Of all the lines in the entries below, give again exactly those starting at the line containing "Jeg har også" and ending at the line containing "Turbante moduan jartzeko", both ends included, and no others.

• PROVIDED DATA:
-=-=-
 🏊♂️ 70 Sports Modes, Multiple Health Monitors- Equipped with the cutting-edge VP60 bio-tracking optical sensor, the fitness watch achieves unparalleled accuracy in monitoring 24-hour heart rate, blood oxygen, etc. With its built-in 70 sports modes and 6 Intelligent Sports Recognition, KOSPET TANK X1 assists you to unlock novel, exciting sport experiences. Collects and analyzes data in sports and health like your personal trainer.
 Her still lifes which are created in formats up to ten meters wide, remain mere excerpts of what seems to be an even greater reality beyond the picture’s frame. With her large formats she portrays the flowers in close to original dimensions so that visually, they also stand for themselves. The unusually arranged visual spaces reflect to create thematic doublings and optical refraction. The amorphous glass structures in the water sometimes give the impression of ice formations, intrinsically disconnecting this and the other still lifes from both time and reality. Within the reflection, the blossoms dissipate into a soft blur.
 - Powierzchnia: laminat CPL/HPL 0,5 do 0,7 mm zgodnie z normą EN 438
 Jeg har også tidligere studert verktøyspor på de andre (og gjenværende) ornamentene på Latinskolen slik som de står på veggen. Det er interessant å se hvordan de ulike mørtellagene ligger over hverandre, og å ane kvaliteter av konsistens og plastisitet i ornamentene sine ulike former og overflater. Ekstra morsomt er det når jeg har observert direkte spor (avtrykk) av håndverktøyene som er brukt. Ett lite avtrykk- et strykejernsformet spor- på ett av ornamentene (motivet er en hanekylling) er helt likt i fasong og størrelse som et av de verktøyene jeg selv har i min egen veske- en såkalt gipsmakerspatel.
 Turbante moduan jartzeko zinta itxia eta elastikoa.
-=-=-
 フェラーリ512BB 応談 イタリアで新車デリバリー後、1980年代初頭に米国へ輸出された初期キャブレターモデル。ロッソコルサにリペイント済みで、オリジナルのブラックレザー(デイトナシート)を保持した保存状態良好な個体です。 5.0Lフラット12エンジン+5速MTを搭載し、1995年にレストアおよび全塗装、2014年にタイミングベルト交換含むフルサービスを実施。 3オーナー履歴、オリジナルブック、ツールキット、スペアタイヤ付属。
-=-=-
• RESULT:
 Jeg har også tidligere studert verktøyspor på de andre (og gjenværende) ornamentene på Latinskolen slik som de står på veggen. Det er interessant å se hvordan de ulike mørtellagene ligger over hverandre, og å ane kvaliteter av konsistens og plastisitet i ornamentene sine ulike former og overflater. Ekstra morsomt er det når jeg har observert direkte spor (avtrykk) av håndverktøyene som er brukt. Ett lite avtrykk- et strykejernsformet spor- på ett av ornamentene (motivet er en hanekylling) er helt likt i fasong og størrelse som et av de verktøyene jeg selv har i min egen veske- en såkalt gipsmakerspatel.
 Turbante moduan jartzeko zinta itxia eta elastikoa.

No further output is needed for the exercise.